[MATERIAL TO PROCESS Boundary: Start]

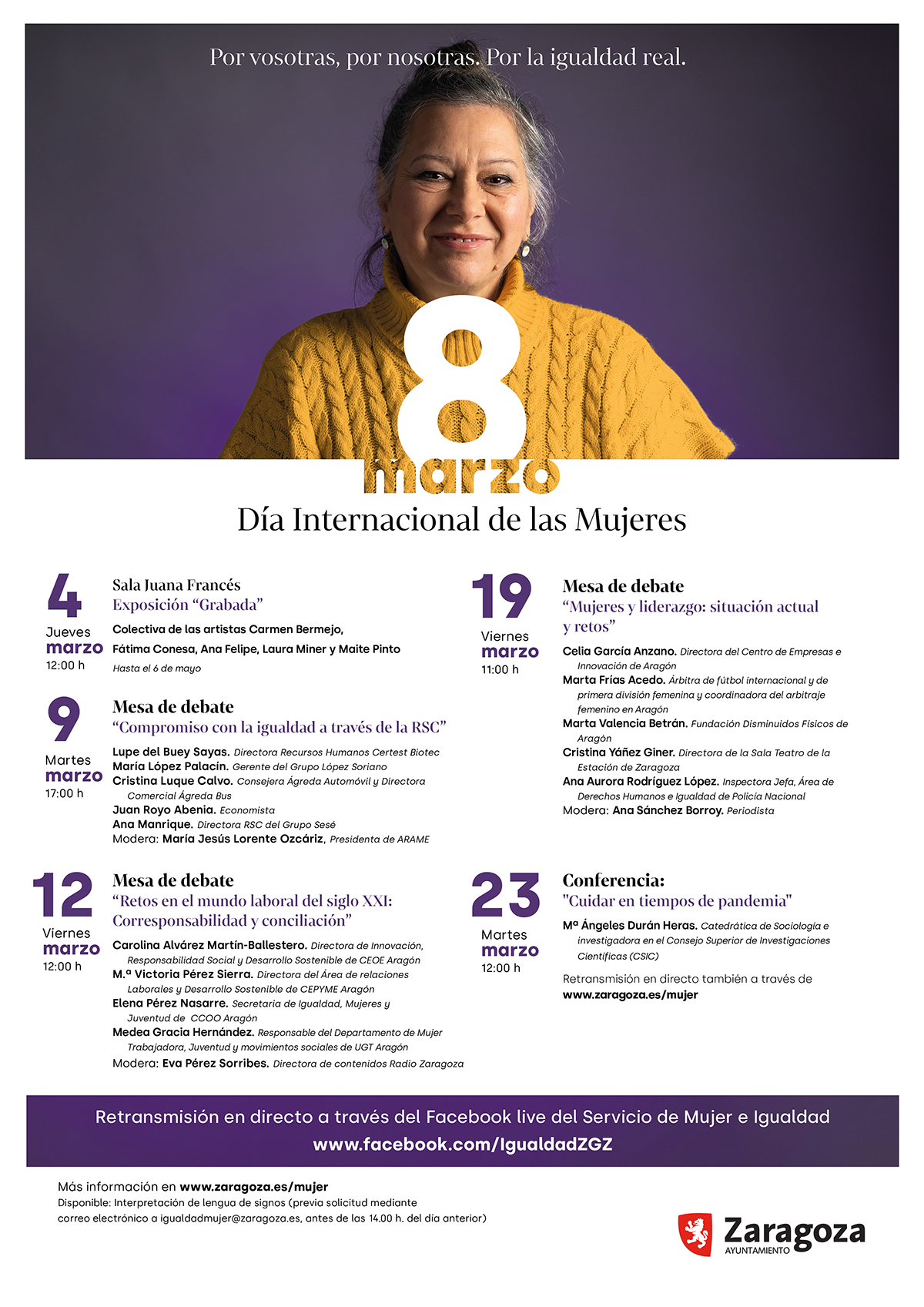 El Ayuntamiento de Zaragoza ha organizado un amplio programa de conferencias y actividades que se retransmitirán online, de la mano de un elenco de mujeres trabajadoras que ocupan cargos de responsabilidad en sus empresas. Las mesas redondas organizadas por el Servicio de Igualdad comenzarán el 9 de marzo con el debate ‘Compromiso con la Igualdad a través de la RSC’, moderado por la presidenta de Arame, María Jesús Lorente. En ella, intervendrán la gerente del Grupo López Soriano, María López, la directora de Recursos Humanos de Certest Biotest, Lupe del Buey, la consejera delegada de Ágreda Automóvil, Cristina Luque, o la directora de RSC de Grupo Sesé, Ana Manrique.
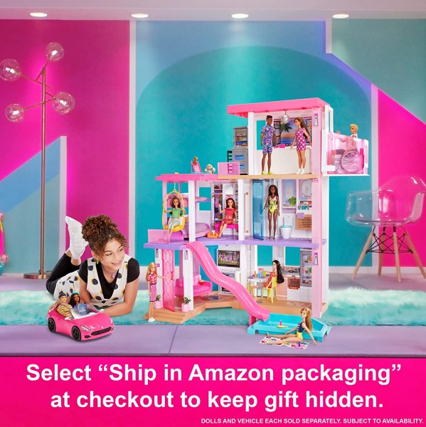 Measuring 43 inches tall and 41 inches wide, the fully furnished barbie dreamhouse inspires endless imagination with 10 indoor and outdoor play areas, customizable features and 75+ storytelling pieces! Dreamy features include a working elevator, party room with a dj booth, second-story slide with a pool, balcony with a repositionable hammock swing and a puppy play area with its own pool and slide. Customizations let kids design their own dream home -the grass area and pool can be placed in multiple configurations on the first and third floors, and the slide fits in 4 unique locations! Set the scene for any story with realistic sound effects, 2 soundscapes, 3 songs, 8 light color options, and 4 light settings including day mode, night mode, party mode and mood lighting. A third-floor balcony and rooftop deck inspire outdoor living -bring everyone upstairs in the working elevator that can lift and lower 4 dolls or a barbie doll in a wheelchair! Discover wow moments on every floor with transforming pieces, like a bunk bed that folds down from the wall, a bbq grill that reverses to reveal a dessert buffet and an entertainment center that doubles as a pet area. Bring detail to playtime with 75+ storytelling pieces featuring realistic touches and textures, like plush blankets, modern decor and grass that’s soft to the touch! Kids ages 3 years old and up can move right into the barbie dreamhouse and discover playtime possibilities in every room. With customizable options and so many play areas, they’ll never run out of stories to tell!. Kids & Baby > Toys > Dolls & Dollhouses. Barbie.
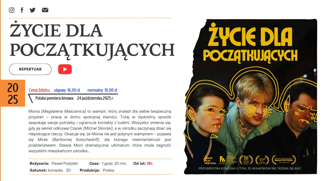 Życie dla początkujących Opublikowano 2025-10-01 przez Ewelina Kiedy gramy: 24 października 2025 r.godz. 20:00 25 października 2025 r.godz. 20:00 26 października 2025 r.godz. 20:00 29 października 2025 r.godz. 20:00
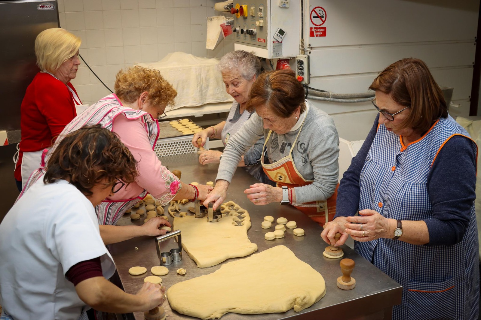 La jornada en el horno ha sido frenética, cada voluntaria tiene su tarea asignada: desde amasar la masa hasta dar forma a los «santblaiets», pasando por el marcado con el sello característico con la imagen del santo y el posterior empaquetado una vez que alcanzan la temperatura adecuada. El esfuerzo colectivo se completa con la colaboración de los horneros, quienes aseguran que los dulces se cuezan a la perfección, manteniendo su sabor y textura únicos.
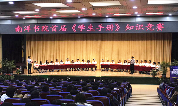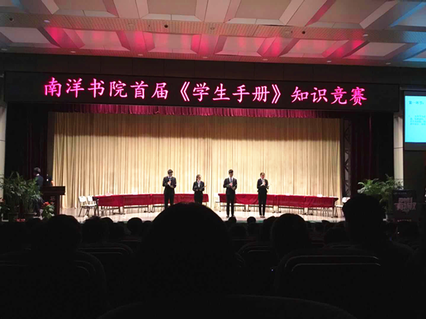 西京网讯:为了切实贯彻学校教书育人、管理育人、服务育人的理念,营造良好的校园文化氛围,增强学生的自我教育、自我管理、自我服务、自我监督的意识,促进广大学生对学校各项规章制度的进一步学习,提高学生综合素质,南洋书院于9月18日——10月9日举行了“学手册,知规范,见行动”学生手册知识竞赛系列活动,赛程分为预选赛,淘汰赛和总决赛三个阶段,淘汰赛和总决赛于28日晚19时30分于小礼堂举行,书院500余名学生出席观看了本次比赛。
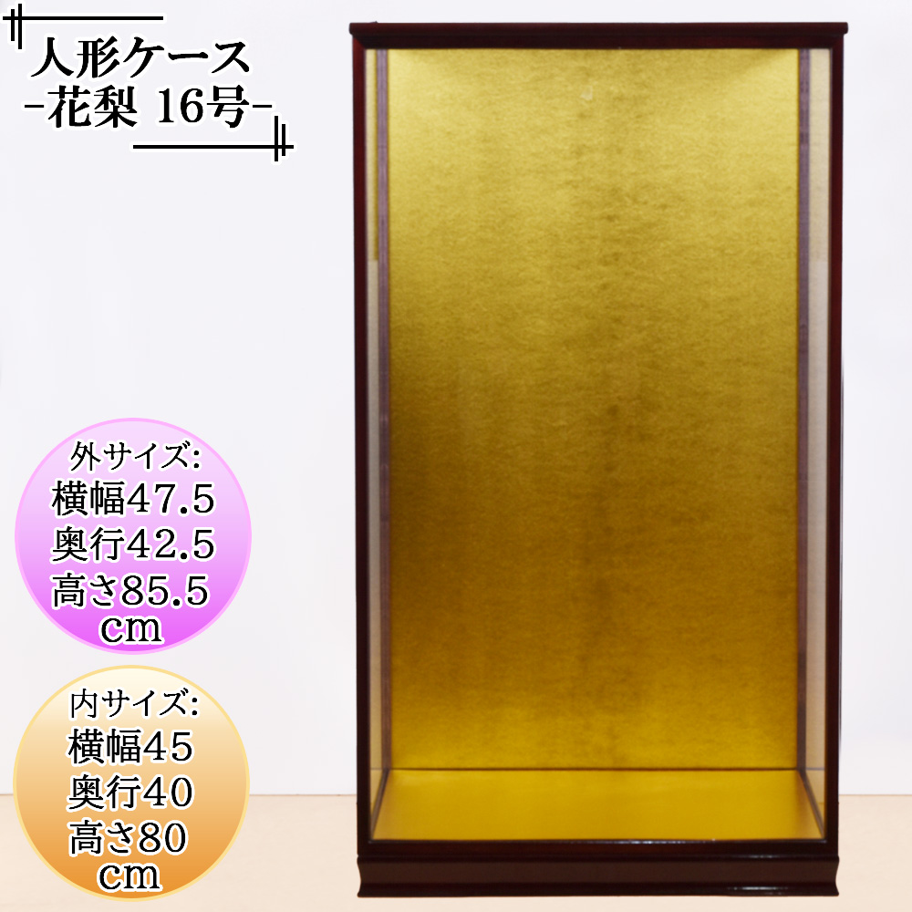 人形ケース ガラス人形ケース 幅 間口45奥行40高80cm(ガラス寸法)内計り ガラスケース 雛人形ケース 五月人形ケース 戸付 16号花梨
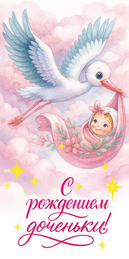 Конверт для денег формата евро предназначен для оформления денежного подарка к рождению девочки и ориентирован на использование в розничной продаже и оптовых поставках для магазинов подарочной продукции, цветочных салонов и сувенирных отделов. Основа изделия выполнена из картона, что обеспечивает достаточную жесткость, устойчивость к заломам и сохранение формы при транспортировке и хранении в стандартных витринных и складских стеллажах. Готовый размер конверта составляет 168 × 84 мм, что соответствует распространённому евроформату и позволяет размещать внутри купюры без сгибов, а также стандартные подарочные сертификаты аналогичного размера. Лицевая сторона оформлена цветной иллюстрацией с аистом, несущим свёрток с младенцем, и содержит поздравительный текст «С рождением доченьки!», поэтому изделие не требует дополнительного оформления или подписи на внешней стороне и может использоваться как самостоятельный праздничный атрибут. Внутренняя часть конверта, как правило, предусматривает зону для вложения купюр и при необходимости для краткого личного пожелания, что удобно при вручении подарка в кругу семьи, на выписке из роддома или семейном торжестве. Отделка без дополнительных спецэффектов облегчает укладку в стопы, снижает риск повреждений поверхности при массовой транспортировке и делает изделие универсальным для различных ценовых сегментов ассортимента. Плотный картонный материал совместим с типовыми упаковочными решениями: конверты можно хранить в фирменных блоках, пластиковых боксах или стандартных полиграфических коробах, не опасаясь деформации. Количество в упаковке 10, что удобно для планирования оптовых закупок, формирования минимальных остатков на складе и поддержания стабильного наличия позиции в сезон повышенного спроса, связанном с рождением ребёнка.
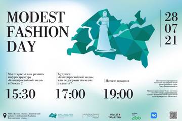 28 июля в Казани в рамках XII Международного экономического саммита «Россия – Исламский мир: KazanSummit» при поддержке Национальной палаты моды пройдет Modest Fashion Day. Мероприятие состоится на территории международного выставочного центра «Казань Экспо». Modest Fashion Day в 15:30 откроет деловая программа, а вечером, с 19:00 до 22:00, пройдут показы дизайнеров Valentin Yudashkin, Igor Gulyaev, Measure, Guzelem, Sahara, Zuhat, Su.Su, Alsu Gilmi, Eva Graffova которые представят коллекции «благопристойной моды».

[MATERIAL TO PROCESS Boundary: End]

**ABOUT THIS TASK**
What you write must match the listing exactly, from the line with "西京网讯:为了切实贯彻学校教" up to and including the line with "人形ケース ガラス人形ケース 幅". Pictures stay out.

**SOLUTION TO THIS PROBLEM**
 西京网讯:为了切实贯彻学校教书育人、管理育人、服务育人的理念,营造良好的校园文化氛围,增强学生的自我教育、自我管理、自我服务、自我监督的意识,促进广大学生对学校各项规章制度的进一步学习,提高学生综合素质,南洋书院于9月18日——10月9日举行了“学手册,知规范,见行动”学生手册知识竞赛系列活动,赛程分为预选赛,淘汰赛和总决赛三个阶段,淘汰赛和总决赛于28日晚19时30分于小礼堂举行,书院500余名学生出席观看了本次比赛。
 人形ケース ガラス人形ケース 幅 間口45奥行40高80cm(ガラス寸法)内計り ガラスケース 雛人形ケース 五月人形ケース 戸付 16号花梨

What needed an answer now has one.